◆ Exercise requirements:
Both the line with "- ABUNDANT CIGAR" and the line with "Для пошива выбрали" in the records below must appear in the output, along with every line between them, exactly and with nothing added.

**** Dataset

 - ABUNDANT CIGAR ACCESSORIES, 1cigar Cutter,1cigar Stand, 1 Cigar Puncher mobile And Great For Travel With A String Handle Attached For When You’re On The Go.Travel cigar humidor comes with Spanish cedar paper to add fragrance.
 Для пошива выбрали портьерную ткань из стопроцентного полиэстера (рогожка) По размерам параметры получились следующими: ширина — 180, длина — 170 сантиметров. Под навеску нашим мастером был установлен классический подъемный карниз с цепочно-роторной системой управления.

********
**** Dataset

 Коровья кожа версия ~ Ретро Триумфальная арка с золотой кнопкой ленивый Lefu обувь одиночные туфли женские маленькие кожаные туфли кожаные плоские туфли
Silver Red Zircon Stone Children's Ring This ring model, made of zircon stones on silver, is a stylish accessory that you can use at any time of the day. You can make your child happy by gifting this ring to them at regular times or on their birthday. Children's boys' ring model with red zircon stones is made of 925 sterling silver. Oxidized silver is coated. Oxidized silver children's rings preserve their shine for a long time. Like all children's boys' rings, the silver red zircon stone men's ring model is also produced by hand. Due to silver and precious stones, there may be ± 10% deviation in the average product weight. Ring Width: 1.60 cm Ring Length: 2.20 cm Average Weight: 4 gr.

********

◆ Response:
 - ABUNDANT CIGAR ACCESSORIES, 1cigar Cutter,1cigar Stand, 1 Cigar Puncher mobile And Great For Travel With A String Handle Attached For When You’re On The Go.Travel cigar humidor comes with Spanish cedar paper to add fragrance.
 Для пошива выбрали портьерную ткань из стопроцентного полиэстера (рогожка) По размерам параметры получились следующими: ширина — 180, длина — 170 сантиметров. Под навеску нашим мастером был установлен классический подъемный карниз с цепочно-роторной системой управления.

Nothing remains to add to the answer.